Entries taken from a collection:

::::::::

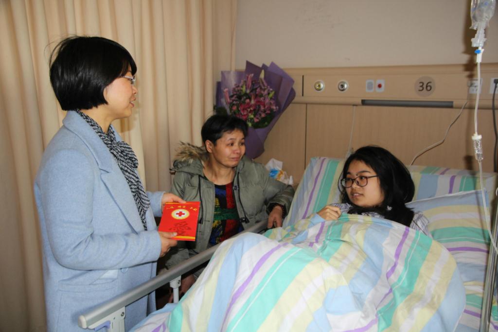 2月28日,嵊州市红十字会有关人员到嵊州市人民医院看望患结肠癌的90后女孩张洁,并送上救助金。
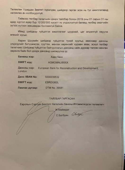 Алтай хүдэр ХХК-ийн зүгээс өдрийн 2019 оны нэгдүгээр сарын 31-ыг хүртэл өдөр бүр 10,000,000 сая төгрөгөөр төлж барагдуулах хүсэлтийг гаргасан ч, саналыг "Европын сэргээн босголын хөгжлийн банк хүлээн зөвшөөрөх боломжгүй гэжээ.
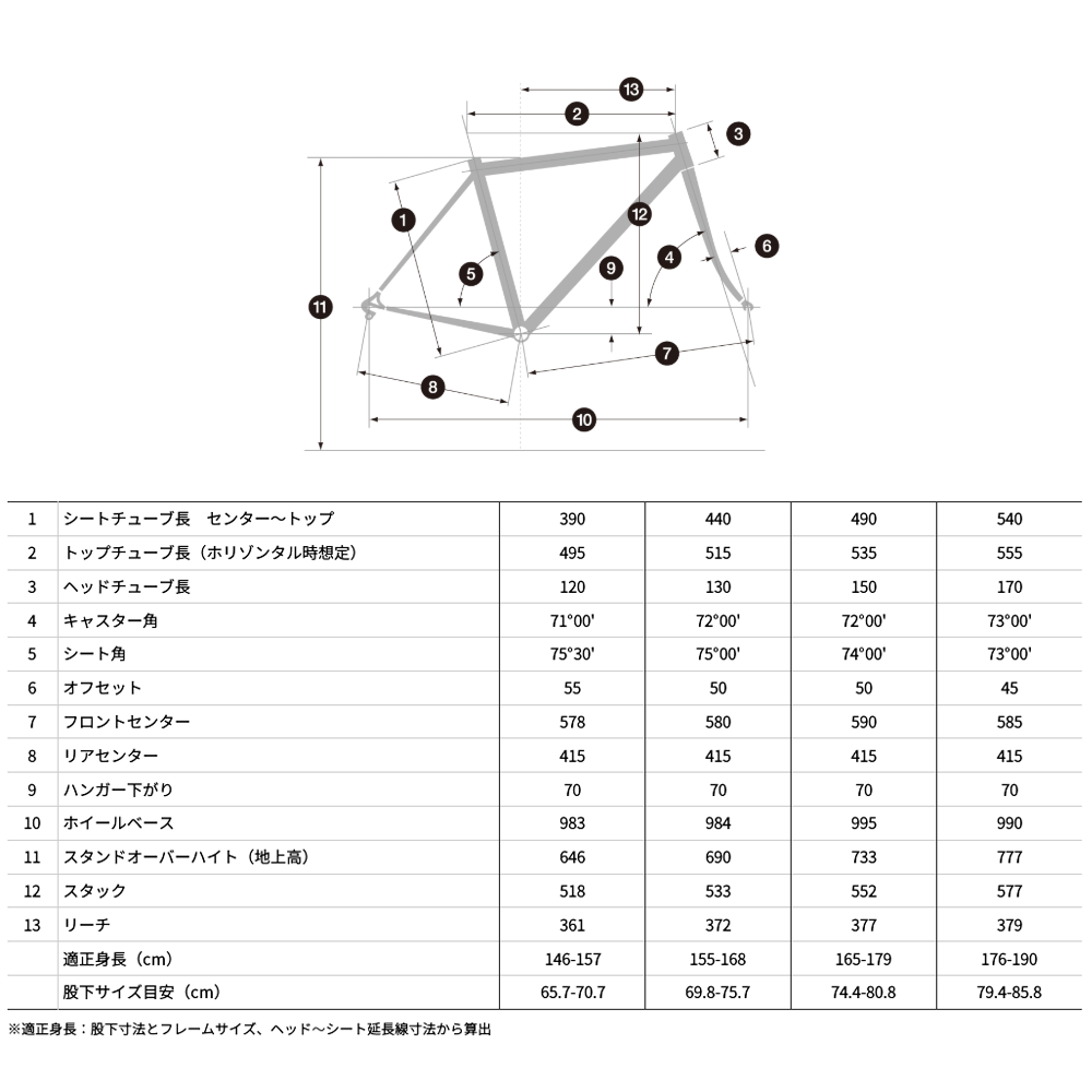 390-440-490-540mm(適正身長はジオメトリー欄を参照) |
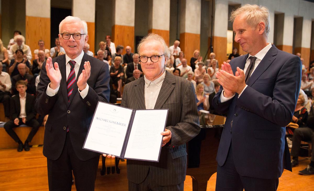 Der Preisträger, Michael Köhlmeier, bedankte sich für die Auszeichnung bei der Konrad-Adenauer-Stiftung und erinnerte erzählerisch in seiner Dankesrede an seinen verstorbenen Vater, der ebenfalls Schriftsteller war und sehr akribisch Fakten als Grundlage für seine Werke nutzte. Mit warmer, den Hörer fesselnder Stimme beschrieb Köhlmeier in seiner Rede die beiden unterschiedlichen Schreibstile in Form von Anekdoten. Als sein Vater die Entdeckung des Erzählstoffs über Pontius Pilatus machte, kam es zu einer Annäherung. „Mein Plädoyer für die von allen historischen Gegebenheiten befreite Fantasie, obwohl er stets dagegengehalten hatte, war doch irgendwie in ihm wirksam gewesen.“ Er erkannte, dass „aus purer, noch so seriöser Recherche und aus einem nach allen Seiten abgesichertem historischen Stoff allein noch kein Roman zu schmieden sei.“ Jedes Ereignis in der Historie werde unterschiedlich beschrieben und unterschiedlich für „wahr“genommen. Am Ende wurde beiden bewusst, dass „das Finden wohl oder übel auch erfunden werde müsse.“
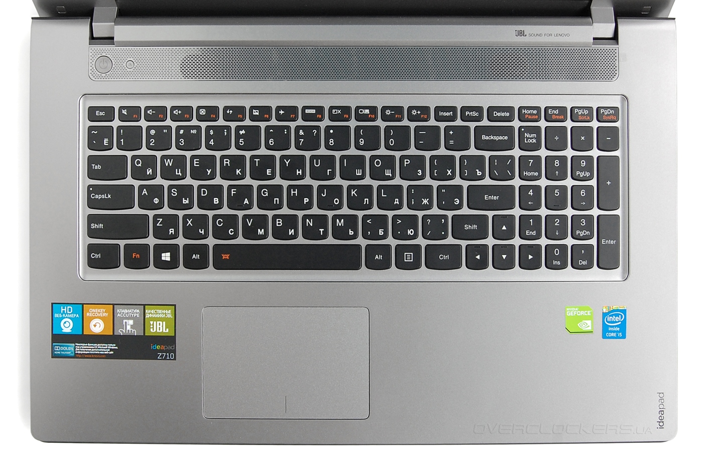 Над клавиатурой тянется мелкая решетчатая вставка, скрывающая стереодинамики JBL. Понятно, что звуковые возможности ноутбуков ограничены из-за их компактных размеров и объема, но в данном случае нужно отметить вполне хорошую громкость и четкость встроенной аудиосистемы.

::::::::

Exercise aim: All of the data above should be printed again exactly, though none of the pictures belong in the copy.

Problem solution:
 2月28日,嵊州市红十字会有关人员到嵊州市人民医院看望患结肠癌的90后女孩张洁,并送上救助金。
 Алтай хүдэр ХХК-ийн зүгээс өдрийн 2019 оны нэгдүгээр сарын 31-ыг хүртэл өдөр бүр 10,000,000 сая төгрөгөөр төлж барагдуулах хүсэлтийг гаргасан ч, саналыг "Европын сэргээн босголын хөгжлийн банк хүлээн зөвшөөрөх боломжгүй гэжээ.
 390-440-490-540mm(適正身長はジオメトリー欄を参照) |
 Der Preisträger, Michael Köhlmeier, bedankte sich für die Auszeichnung bei der Konrad-Adenauer-Stiftung und erinnerte erzählerisch in seiner Dankesrede an seinen verstorbenen Vater, der ebenfalls Schriftsteller war und sehr akribisch Fakten als Grundlage für seine Werke nutzte. Mit warmer, den Hörer fesselnder Stimme beschrieb Köhlmeier in seiner Rede die beiden unterschiedlichen Schreibstile in Form von Anekdoten. Als sein Vater die Entdeckung des Erzählstoffs über Pontius Pilatus machte, kam es zu einer Annäherung. „Mein Plädoyer für die von allen historischen Gegebenheiten befreite Fantasie, obwohl er stets dagegengehalten hatte, war doch irgendwie in ihm wirksam gewesen.“ Er erkannte, dass „aus purer, noch so seriöser Recherche und aus einem nach allen Seiten abgesichertem historischen Stoff allein noch kein Roman zu schmieden sei.“ Jedes Ereignis in der Historie werde unterschiedlich beschrieben und unterschiedlich für „wahr“genommen. Am Ende wurde beiden bewusst, dass „das Finden wohl oder übel auch erfunden werde müsse.“
 Над клавиатурой тянется мелкая решетчатая вставка, скрывающая стереодинамики JBL. Понятно, что звуковые возможности ноутбуков ограничены из-за их компактных размеров и объема, но в данном случае нужно отметить вполне хорошую громкость и четкость встроенной аудиосистемы.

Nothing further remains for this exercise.